What must be routed to clinical staff
The line is simple: the AI captures and schedules, it never advises or triages. These go to your team, not the agent:
- Clinical and urgency questions — why an implant is being removed, what the surgery involves, pain, or whether it's an emergency. The agent captures the detail and routes; a person decides.
- Coverage and cost specifics — whether removal is covered or what it will cost. The agent collects details and relays the question rather than quoting an answer.
- Code or billing requests — patients asking what will be billed are routed to staff.
Anything clinical, surgical, or urgent becomes a task or transfer for your team.
Context passed into your PMS
Because the booking writes back in real time, your team opens each case ready to go:
| Captured on the call | Written to the PMS |
|---|---|
| Patient identity / record match | Linked to existing chart |
| Removal scheduling intent | Appointment booked in correct column |
| Insurance details (if new or changed) | Attached to record for verification |
| Pain / urgency cues | Task or transfer flagged for your team |
| Full call summary | Notes on the appointment |
Frequently asked questions
Does the AI assign the D6100 code to the appointment?
No. The agent captures the patient's request to schedule an implant removal and books the visit; it does not assign, confirm, or bill any CDT code. Code selection stays with your clinical and billing staff at the point of care. The reference to D6100 here is informational only — confirm the official CDT definition independently.
What if the patient is in pain or describes an emergency?
That call stops being a routine booking. If a patient describes pain, swelling, or anything that sounds urgent, the agent captures the detail and routes the call into your front desk or triage workflow with full context, so a qualified person decides how urgently the patient should be seen. The AI never diagnoses or assesses severity itself.

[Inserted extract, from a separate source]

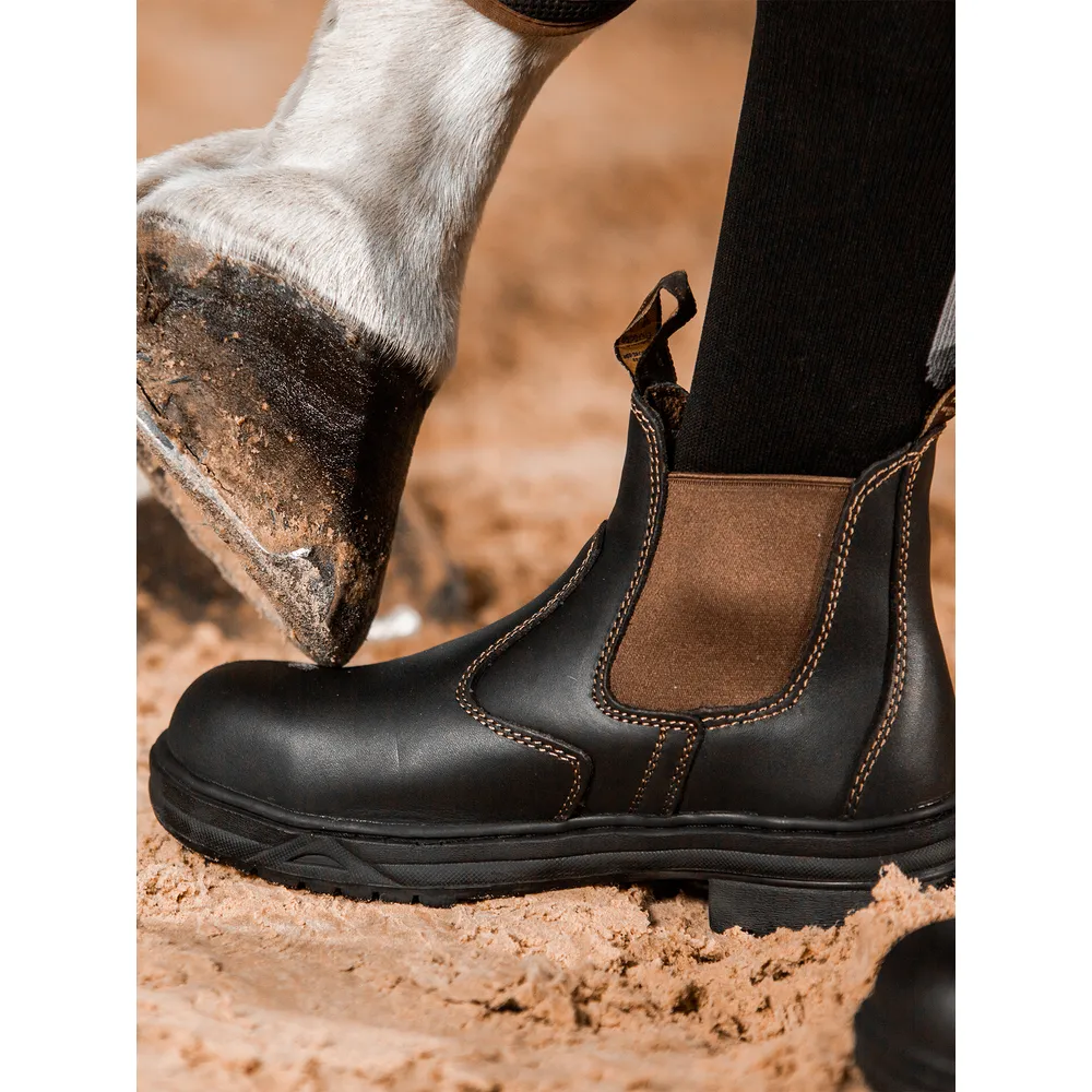 • Kraftig känga i olje-behandlat och tåligt garvläder. • Utrustad med stålhätta i tåbox enligt EU Norm CE-krav EN 345 kan skydda tår och framfot från kraftiga nedslag, t.ex. farliga tramp från häst. • Olje- och syrabeständig kraftig utsula som är mycket tålig i stallmiljö, t.ex. mot hästurin. • Stabil och helt rundsydd utsula för bättre hållbarhet. • Foder i fuktabsorberande canvasmaterial med läderförstärkning i hälen förlänger slitstyrkan invändigt. • Ergonomiskt designad urtagbar innersula i EVA med skön ovandel i mjukt Nylex® erbjuder en behaglig komfort under hela dagen. • Slitstark och robust elasticitet i sidorna för individuell passform. • Inbyggd stålgelänk härdad vid 850°C ger ökad vridstyvhet och stabilitet vid gång och ritt. • Stirrup Control System™ infogat i utsulan hjälper till att hålla stigbyglarna på plats.
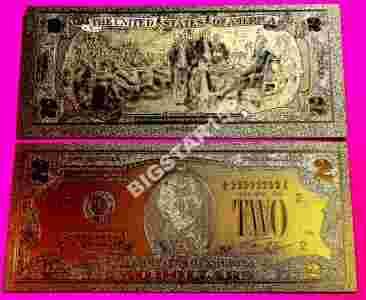 BANKNOT 2 $ USA W CZYSTYM ZŁOCIE!!! 24 KARATY !!!

Can it answer clinical questions about the removal?
No. Questions about why an implant is being removed, what the surgery involves, or what recovery looks like are clinical and are routed to your team. The agent captures what the patient is asking and relays it rather than guessing, keeping clinical guidance with the people qualified to give it.
Does the booking actually land in our schedule?
Yes. For Dentrix, Open Dental, Eaglesoft, Curve Dental, and CareStack, the appointment writes back into your live schedule in real time while the patient is on the call — no re-keying. For other systems, DentalReception AI connects via API or works alongside your existing tools. Every call still produces a summary and any needed task.